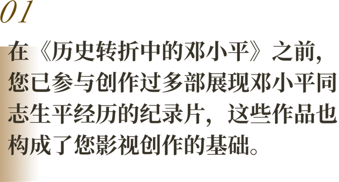 我最早参与的是12集文献纪录片《邓小平》,那是部经典,从1997年1月1号开始播,连播12天。2月19号,邓小平同志去世了,在治丧那个阶段所有的电视台又都在重播(这部纪录片)。大家也特别想看,不光是老百姓,包括当时的一些领导人,其实他们也没见过邓小平、也不了解邓小平,都是通过这个片子开始了解邓小平。12集、每集50分钟,那么大的篇幅把邓小平同志的一生做了介绍,而且是影像式的介绍,这真的是太震撼了。
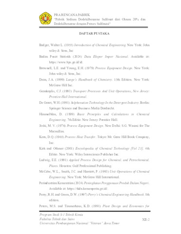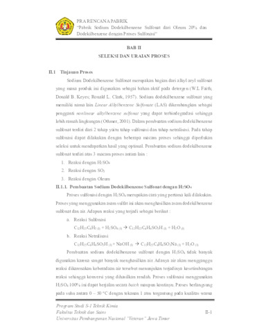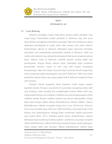 Azzahra, Tsania Putri (2024) PRA RANCANGAN PABRIK SODIUM DODEKILBENZENE SULFONAT DARI OLEUM 20% DAN DODEKILBENZENE DENGAN PROSES SULFONASI. Undergraduate thesis, UPN Veteran Jawa Timur.
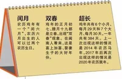 一些細心的網(wǎng)友發(fā)現(xiàn),今年是農(nóng)歷丁酉雞年,雞年有兩個立春日,出現(xiàn)“一年兩頭春”歷法現(xiàn)象。所謂“一年兩頭春”也稱“雙春年”,是指在農(nóng)歷的一年中有兩個立春之日。具體到農(nóng)歷雞年來說,2017年1月28日開始進入農(nóng)歷雞年,而直到2018年的2月16日才會迎來下一個農(nóng)歷新年,所以農(nóng)歷丁酉雞年就包含了兩個立春日,即雞年的正月初七立春(2017年2月3日)和同年臘月十九(2018年2月4日)再次立春。
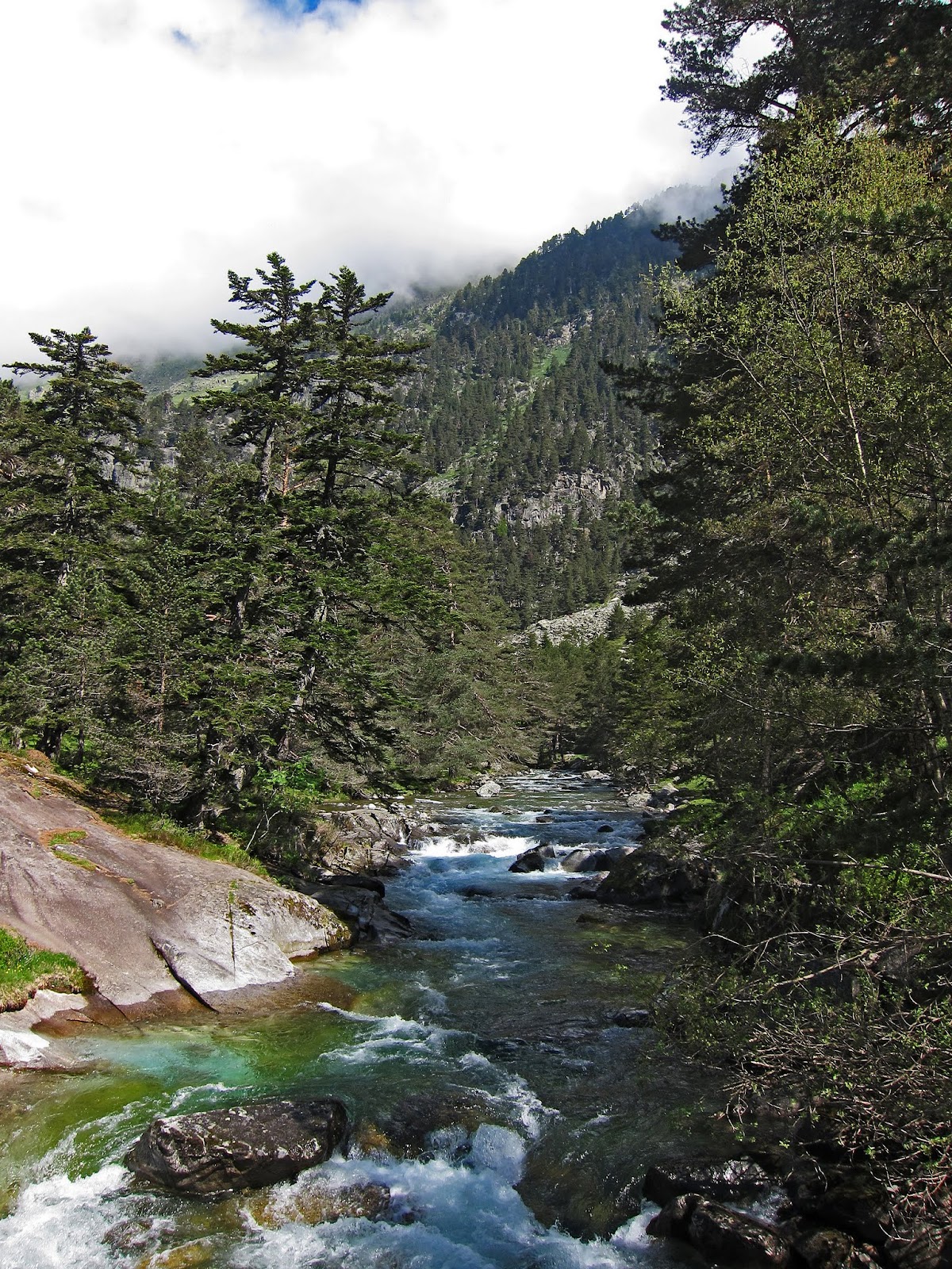 Comenzamos el ascenso dejando el torrente a nuestra izquierda y atravesando un tramo en el que se intercalan los abetos, praderas y grandes bloques de piedra.
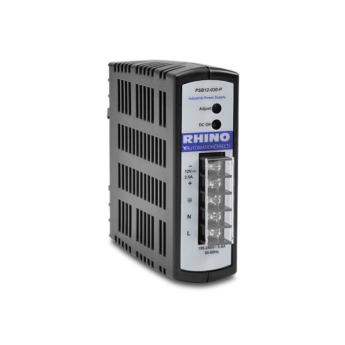RHINO switching power supply, 12VDC, 30W output, 85-264 VAC / 120-375 VDC input, plastic case, 35mm DIN rail mounting, screw terminals.
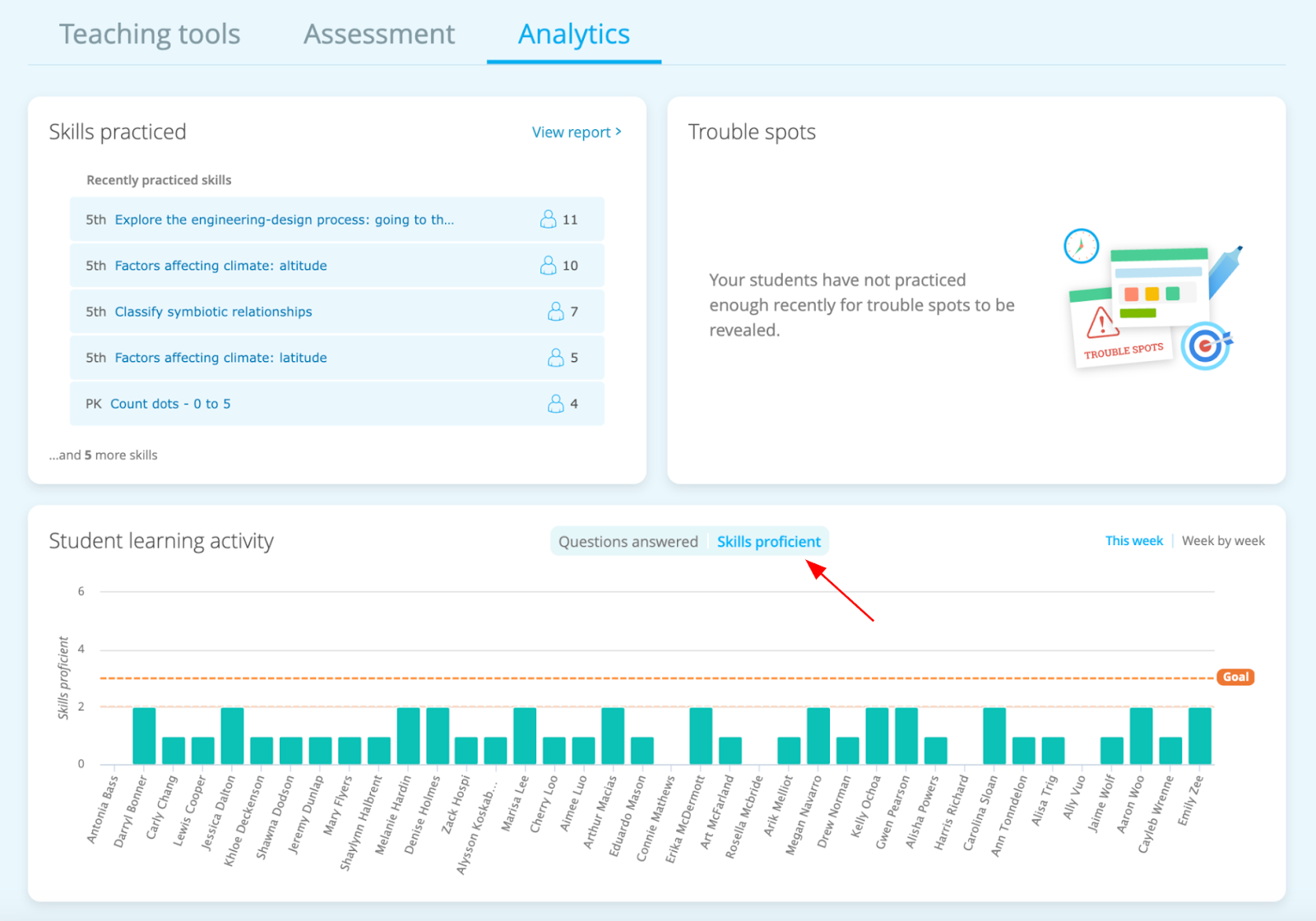 The Analytics tab of the teacher dashboard, which now has an option to show the number of weekly skills proficient instead of weekly questions answered
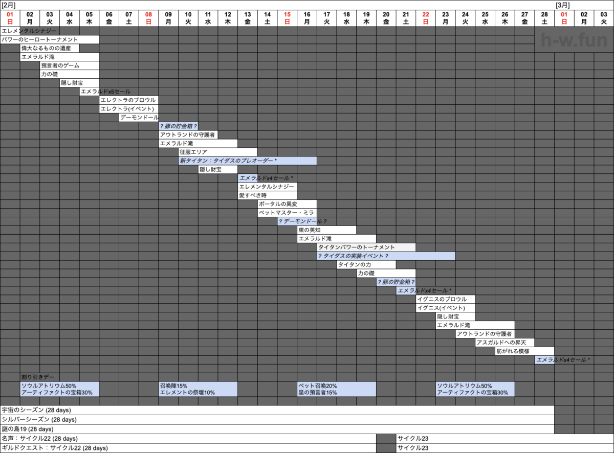- 02/01(日) 〜 03/01(日): シルバーシーズン (28 days)
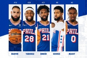 76人本场首发为:恩比德、马克西、乔治、亚布塞莱、凯莱布-马丁。
--------------------------------------------------
Work to be completed:
Whenever you reach a picture, pass over it; print all the other material exactly.

Answer space:
 我最早参与的是12集文献纪录片《邓小平》,那是部经典,从1997年1月1号开始播,连播12天。2月19号,邓小平同志去世了,在治丧那个阶段所有的电视台又都在重播(这部纪录片)。大家也特别想看,不光是老百姓,包括当时的一些领导人,其实他们也没见过邓小平、也不了解邓小平,都是通过这个片子开始了解邓小平。12集、每集50分钟,那么大的篇幅把邓小平同志的一生做了介绍,而且是影像式的介绍,这真的是太震撼了。
 Azzahra, Tsania Putri (2024) PRA RANCANGAN PABRIK SODIUM DODEKILBENZENE SULFONAT DARI OLEUM 20% DAN DODEKILBENZENE DENGAN PROSES SULFONASI. Undergraduate thesis, UPN Veteran Jawa Timur.
 一些細心的網(wǎng)友發(fā)現(xiàn),今年是農(nóng)歷丁酉雞年,雞年有兩個立春日,出現(xiàn)“一年兩頭春”歷法現(xiàn)象。所謂“一年兩頭春”也稱“雙春年”,是指在農(nóng)歷的一年中有兩個立春之日。具體到農(nóng)歷雞年來說,2017年1月28日開始進入農(nóng)歷雞年,而直到2018年的2月16日才會迎來下一個農(nóng)歷新年,所以農(nóng)歷丁酉雞年就包含了兩個立春日,即雞年的正月初七立春(2017年2月3日)和同年臘月十九(2018年2月4日)再次立春。
 Comenzamos el ascenso dejando el torrente a nuestra izquierda y atravesando un tramo en el que se intercalan los abetos, praderas y grandes bloques de piedra.
RHINO switching power supply, 12VDC, 30W output, 85-264 VAC / 120-375 VDC input, plastic case, 35mm DIN rail mounting, screw terminals.
 The Analytics tab of the teacher dashboard, which now has an option to show the number of weekly skills proficient instead of weekly questions answered
- 02/01(日) 〜 03/01(日): シルバーシーズン (28 days)
 76人本场首发为:恩比德、马克西、乔治、亚布塞莱、凯莱布-马丁。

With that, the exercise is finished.